Parkinson’s is one of the diseases that many think could be unique to humans. Its causes are still unclear — genetics and environmental factors both seem to play a big role — but the disease generally has three features: chronicity, progression, and death of dopaminergic neurons, gradually leading to movement disorders. A “good” Parkinson’s model would need to capture these same features; once the disease process starts, it should not spontaneously halt without treatment (chronic), symptoms should worsen or expand over time (progressive), and it should exhibit the hallmark loss of dopaminergic neurons.

When lacking a natural animal model, researchers are often forced to rely on “inducing” conditions in animals where they would not normally arise. This is common in Alzheimer’s and AIDS research, where mice are genetically modified to express human genes associated with that disease. But as treatments tested on these induced animals fail to translate to humans in more than 92 percent of cases, researchers prefer working with “natural” models.

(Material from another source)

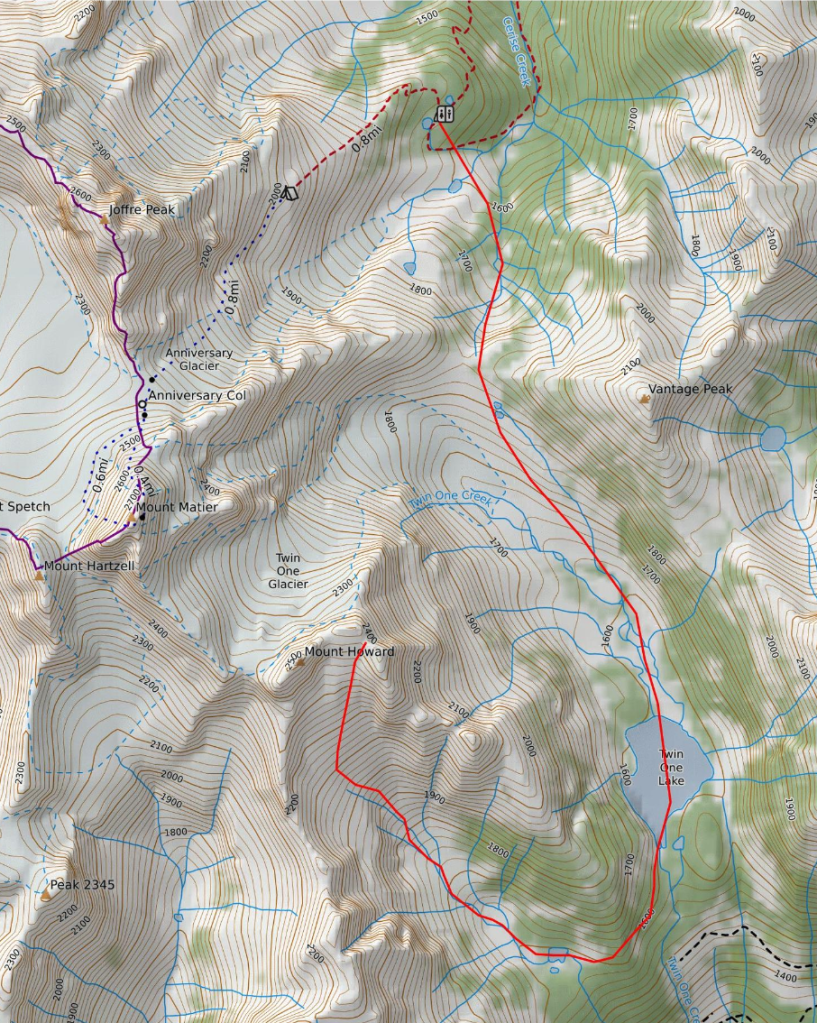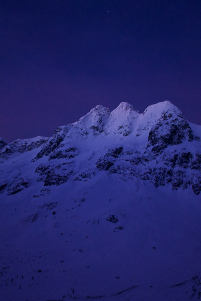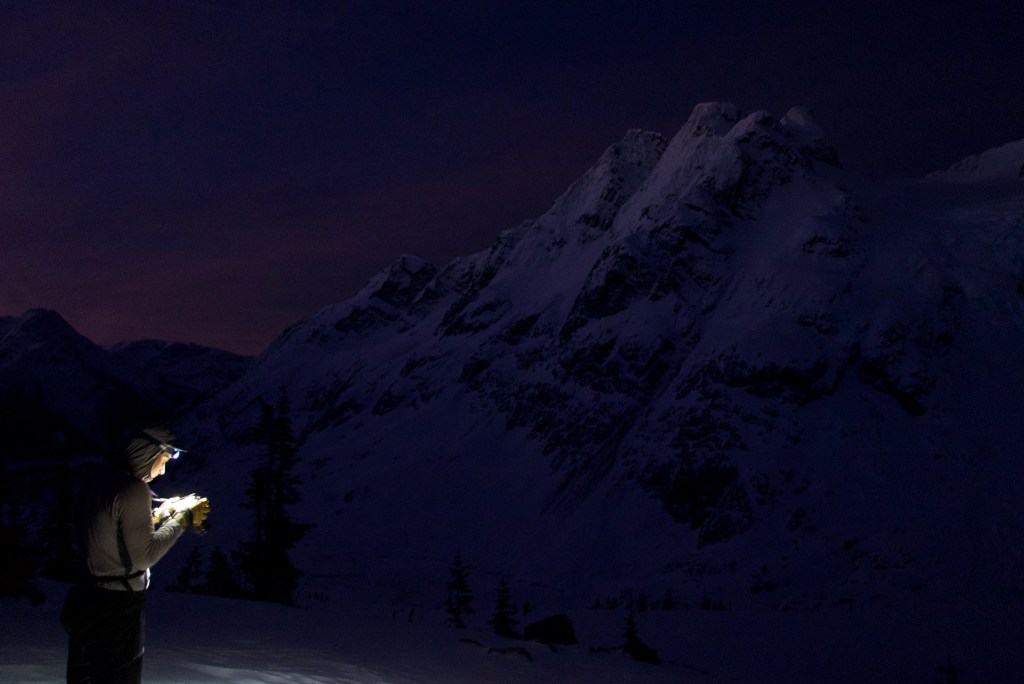 The next morning we headed off from the cabin at 5:15. Our planned route wrapped over Vantage col, down past the NE face of Mt. Howard, across Twin One Lake and back up to Mt. Howard from the south valley. Our goal was to time passing by the to view our line with the blue hour before sunrise so we could get an idea of whether the line was even in shape with the low snowpack. Our route wrapping around to the south valley was much lower exposure then booting up or heading up the complex Twin One Glacier. However it was all at the cost of a lengthy skin.

A cynomolgus macaque in the wild.

Parkinson’s researchers also induce animals to study the disease, often by injecting mice or monkeys with a neurotoxin called MPTP, which destroys dopaminergic neurons.2 MPTP toxicity, though, doesn’t perfectly replicate the chronic, progressive nature of Parkinson’s; in some cases, symptoms plateau or partially reverse over time. Perhaps it is unsurprising, then, that after decades spent observing MPTP-treated animals (as well as the few unfortunate humans who accidentally self-administered the same neurotoxin), these induced-Parkinson’s experiments have not yielded any major breakthroughs.

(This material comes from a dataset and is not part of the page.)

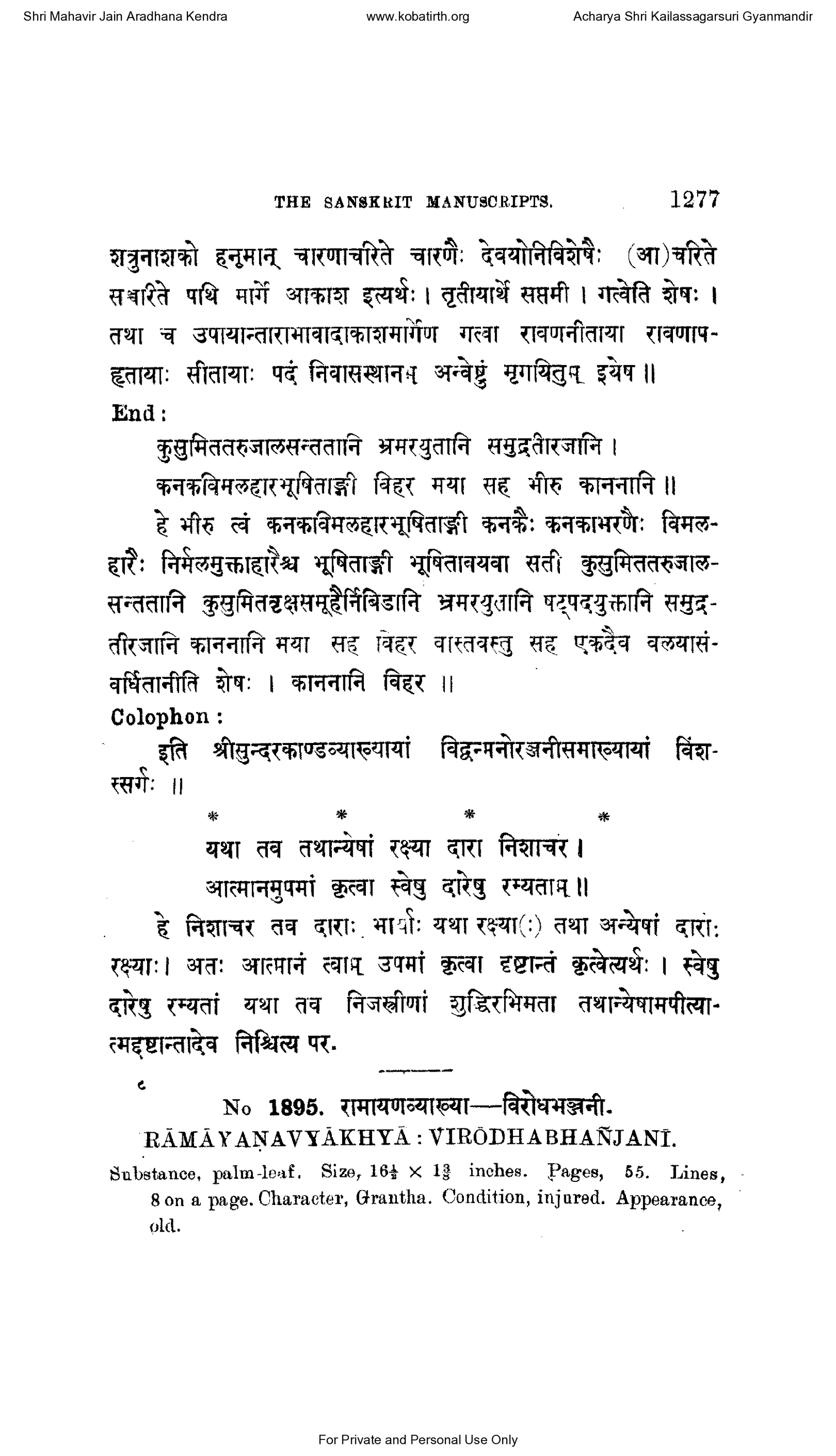 ] No 1895. रामायणव्याख्या --- विरोधभञ्जनी.

While there are Parkinson’s treatments that can decrease some symptoms, none are capable of altering the course of the disease. Are Parkinson’s researchers doomed to rely upon these imperfect animal models forever?

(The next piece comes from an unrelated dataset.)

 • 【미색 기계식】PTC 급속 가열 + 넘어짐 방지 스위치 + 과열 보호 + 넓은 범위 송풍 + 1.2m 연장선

Perhaps not. In 2020, researchers at the Kunming Primate Research Center in China reported finding a cynomolgus macaque with what they claimed was naturally occurring Parkinson’s. Cynomolgus macaques, small primates native to Southeast Asia, are already widely used in drug development research. If this study is accurate, it suggests there could be many more afflicted monkeys — and possibly other types of animals with Parkinson’s — out there. Maybe we just haven’t looked hard enough.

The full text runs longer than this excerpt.